Roasted Brussels Sprouts and Butternut Squash with Pecans and Cranberries Salad

IMG_7329

Ingredients:
Roasted Brussels Sprouts:
  • 3 cups Brussels sprouts ends trimmed, yellow leaves removed
  • 3 tablespoons olive oil
  • 1/4 teaspoon Salt to taste
Roasted Butternut Squash:
  • 1 1/2 lb butternut squash peeled, seeded, and cubed into 1-inch cubes (Yields about 4 cups of uncooked cubed butternut squash)
  • 2 tablespoons olive oil
  • 3 tablespoons maple syrup
Other Ingredients:
  • 2 cups pecan halves
  • 1 cup dried cranberries
  • 2-4 tablespoons maple syrup optional
Instructions
How to roast Brussels Sprouts:
Preheat oven to 400 F.
  1. Boil Brussels sprouts in water for about 5 minutes

  2. In a medium bowl, combine Brussels sprouts, 2 tablespoons of olive oil, salt (to taste), and toss to combine.

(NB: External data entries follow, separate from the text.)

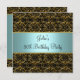 Elégante invitation de soirée 50e anniversaire turquoise bleu noir et or damassé femme. Customisez avec votre choix de style de police et de couleur de police.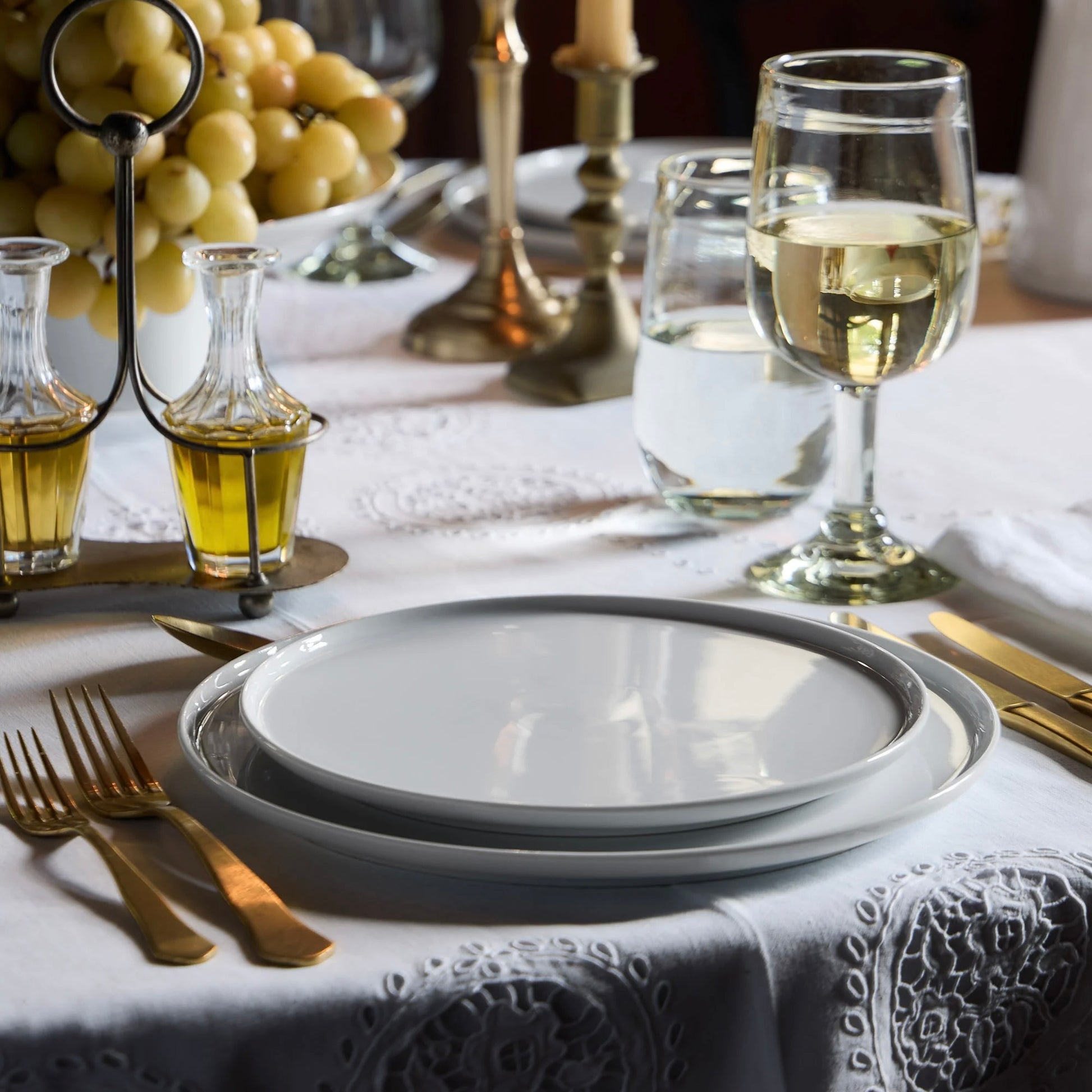 Lightweight and durable, with a glossy white surface ideal for food presentation. Designed as a mix & match collection, to be layered with coloured stoneware for a striking tablescape.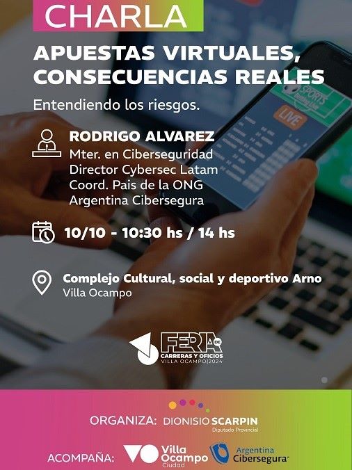 Además, a las 10:30 hs y a las 14 hs , se llevará a cabo la conferencia «Apuestas Virtuales, Consecuencias Reales: Entendiendo los Riesgos» , a cargo de Rodrigo Álvarez, Magíster en Ciberseguridad y Director de Cybersec Latam. Álvarez, quien también coordina en Argentina la ONG Cibersegura, abordará los riesgos asociados a las apuestas deportivas en línea y sus consecuencias, buscando crear conciencia sobre la importancia de la ciberseguridad en este ámbito. Esta actividad cuenta con el apoyo del diputado provincial Dionisio Scarpin.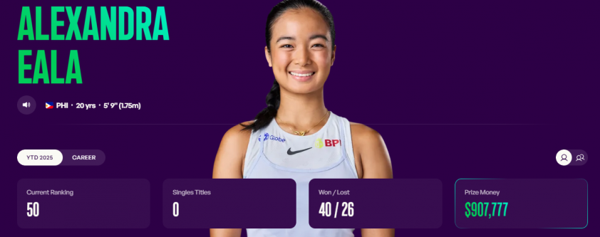 Tuần trước, Eala đạt thứ hạng cao nhất trong sự nghiệp - hạng 51 thế giới. Một chiến thắng tại giải WTA 250 ở Hồng Kông đã giúp tay vợt từng là học viên lò Rafa Nadal đủ điểm để vươn lên vị trí thứ 50 trong BXH WTA công bố đầu tuần này. Dù phải dừng bước ở vòng 1/8 trước Victoria Mboko - người sau đó đã lên ngôi vô địch, kết quả này là đủ giúp sao trẻ 20 tuổi này đi vào lịch sử thể thao Philippines.

  3. Place onto a  baking sheet, and roast in the oven at 400 F for about 10 minutes.

How to roast Butternut Squash:
  1. Preheat oven to 400 F.
  2. In a medium bowl, combine cubed butternut squash (peeled and seeded),1 tablespoon of olive oil, maple syrup, and toss to mix.
  3. Place butternut squash in a single layer on the baking sheet. Bake for 20-25 minutes, turning once half-way through baking, until softened.
  4. Note: You can roast both Brussels sprouts and butternut squash on 2 separate baking sheets at the same time.
How to toast pecans:
  1. Toast pecans in the preheated oven at 350 F

  2. Line a baking sheet with parchment paper.

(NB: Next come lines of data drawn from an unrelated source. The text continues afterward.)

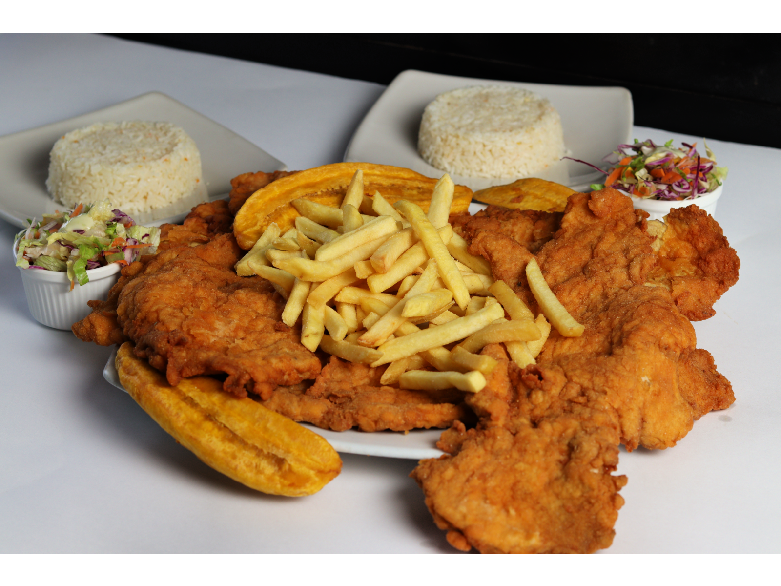 Chuleta de Pollo, Cerdo o Mixta Pinino de 1000g, acompañada de porción de papas a la francesa, tres porciones de arroz, dos ensaladas de la casa y tres maduros.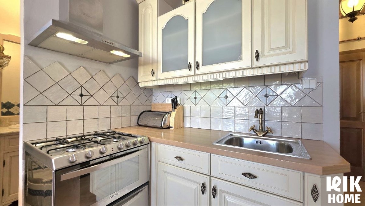 Vybavení: plně zařízená kuchyňská linka s jídelním stolem a židlemi, pohovka, kompletně vybavená koupelna a ložnice s postelí, komodami a skříněmi.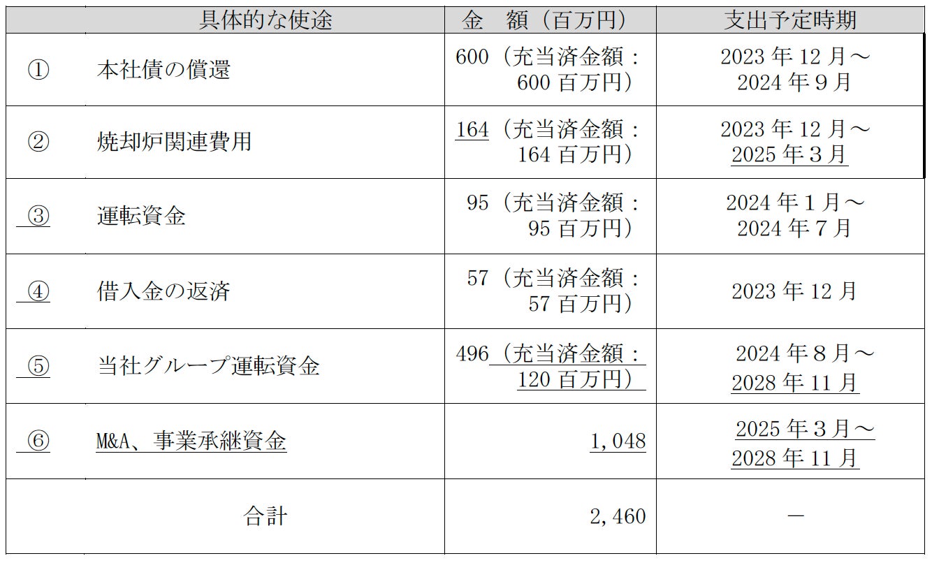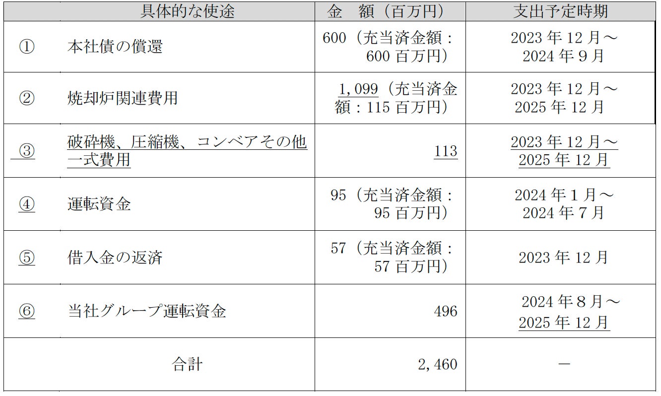 当社は、3月25日開催の取締役会において、当社子会社の宇部整環リサイクルセンター株式会社(以下、「宇部整環リサイクルセンター」といいます。)全株式の譲渡及び産業廃棄物処理事業の廃止、並びに2023年10月24日付で開示しました「第三者割当による第13回乃至第15回新株予約権及び無担保社債(私募債)の発行並びに新株予約権買取契約の締結に関するお知らせ」(以下、「当該お知らせ」といいます。)にてお知らせいたしました資金調達の使途(以下、「資金使途」といいます。)を、一部変更することを決議いたしましたので、下記のとおりお知らせいたします。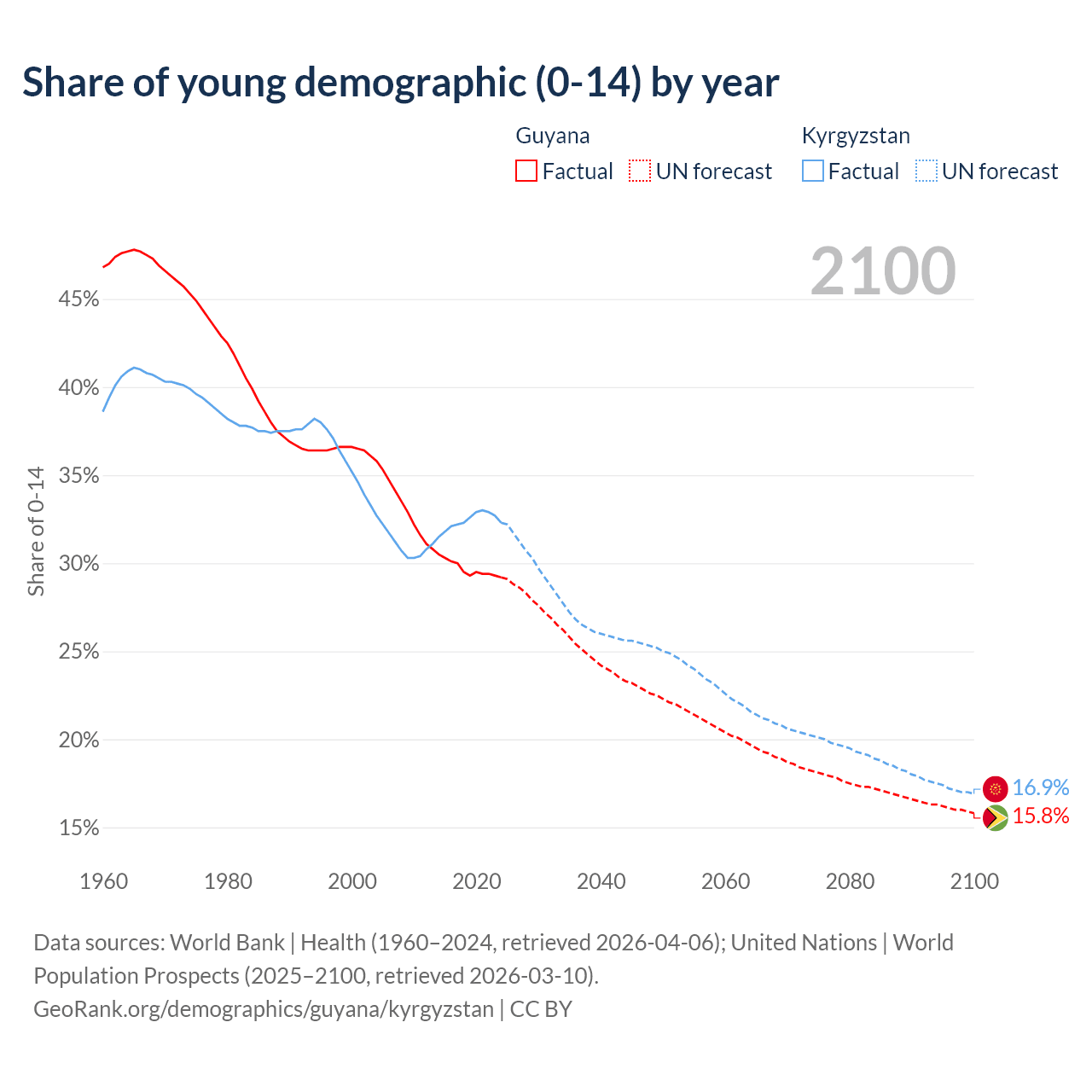 - The share of young demographic (0-15 years old) in Guyana is 29.2% vs 32.3% in Kyrgyzstan.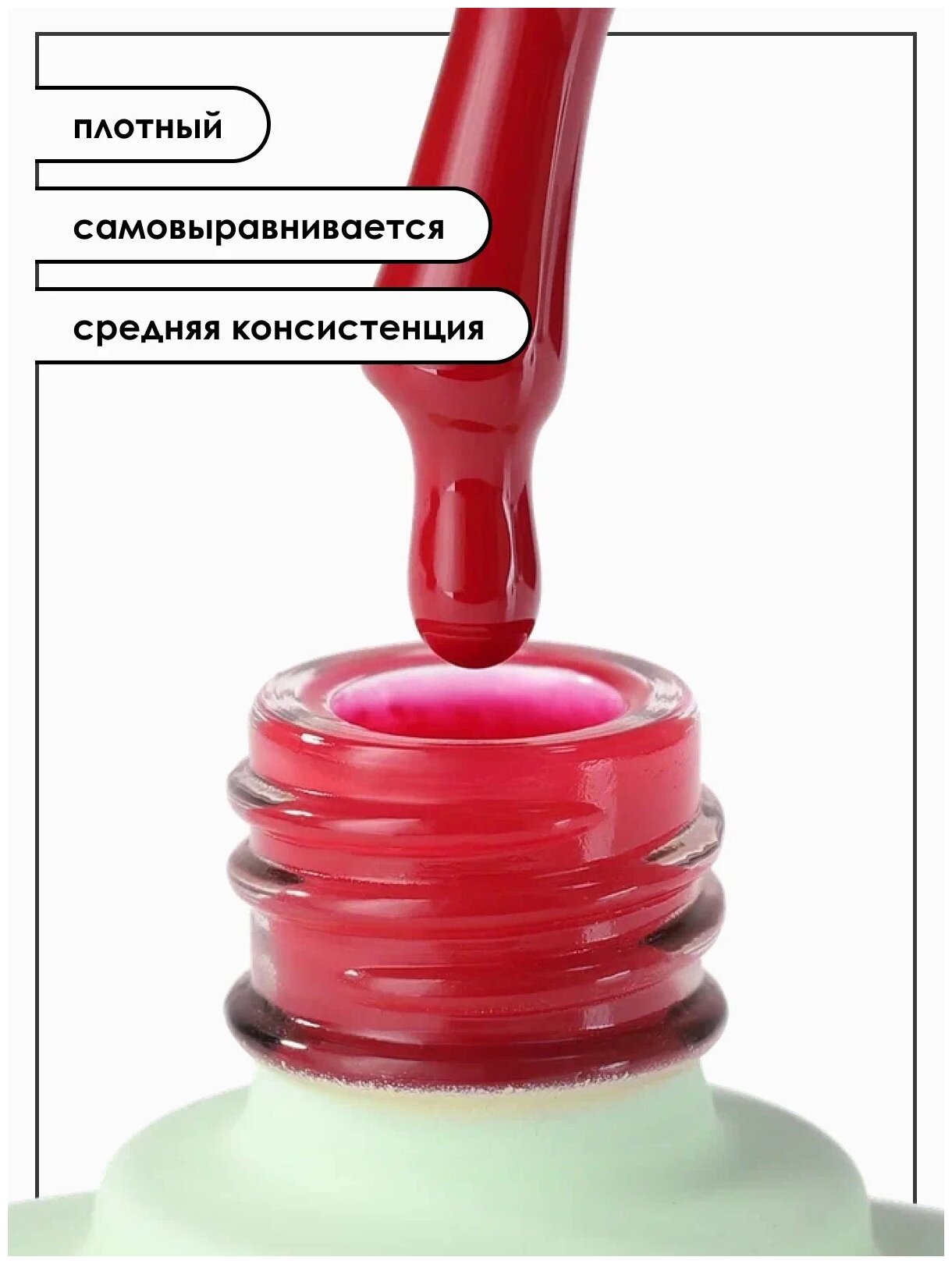 | Плюсы: | Достаточно густой, не затекает под кутикулу, не полосит, ложится ровно с первого слоя |

  3. Toast the pecans for about 5 minutes (maybe a bit longer) in the preheated oven at 350 F until they get darker in color.

  4. Note: pecans burn really fast, so make sure to check the nuts after 5 minutes and frequently afterwords.

Assembly:

In a large bowl, combine roasted Brussels sprouts, roasted butternut squash, pecans, and cranberries, and mix to combine.

Tips:

I don’t like to roast my brussels sprouts in the oven the whole time because I think it will turn out dry, so I boiled it first then finished cooking in the oven to get some brown color. You can totally do it in the oven with 400F for 20-25 minutes without boiling part.

IMG_7334

材料:

烤孢子甘藍:

3 杯孢子甘藍,去除黃葉
3湯匙橄欖油
1/4茶匙鹽
烤東南瓜:
1 1⁄2 磅南瓜去皮、切成 1 英寸立方體(約 4 杯未煮熟的塊狀南瓜)
2湯匙橄欖油
3湯匙楓糖漿
其他材料:
2 杯山核桃
1 杯乾紅莓
2-4湯匙楓糖漿 (可不用)

做法:
如何烤孢子甘藍:
將烤箱預熱至 400 F華氏度。

將孢子甘藍在滾水中煮約5分鐘

在一個碗中,將孢子甘藍、2湯匙橄欖油、鹽(適量)混合。

放在烤盤上,在400華氏度的烤箱中烤約10分鐘。

如何烤南瓜:
將烤箱預熱至 400F 華氏度。
在一碗中,將塊狀南瓜(去皮) 與1湯匙橄欖油、楓糖漿混合。
將南瓜放在烤盤上。烤20-25分鐘,中途轉一次,直到變軟。

如何烤山核桃:

在預熱的烤箱中以 350 F華氏度烤山核桃

用羊皮紙把烤盤排成一行。

在350華氏度的預熱烤箱中烤約5分鐘(可能再久一點),直到它們變金黃色。

注意:山核桃熟得非常快,所以一定要在5分鐘後檢查一下。

裝配:

在一個大碗中,將烤好的孢子甘藍、南瓜、山核桃和小紅莓混合在一起。

 

我不喜歡在烤箱裡烤我的布魯塞爾豆芽,因為我覺得它會變乾,所以我先煮它,然後在烤箱裡完成,既有得到一些棕色,又不會很乾。你可以完全在烤箱裏完成: 400F華氏度 20-25分鐘。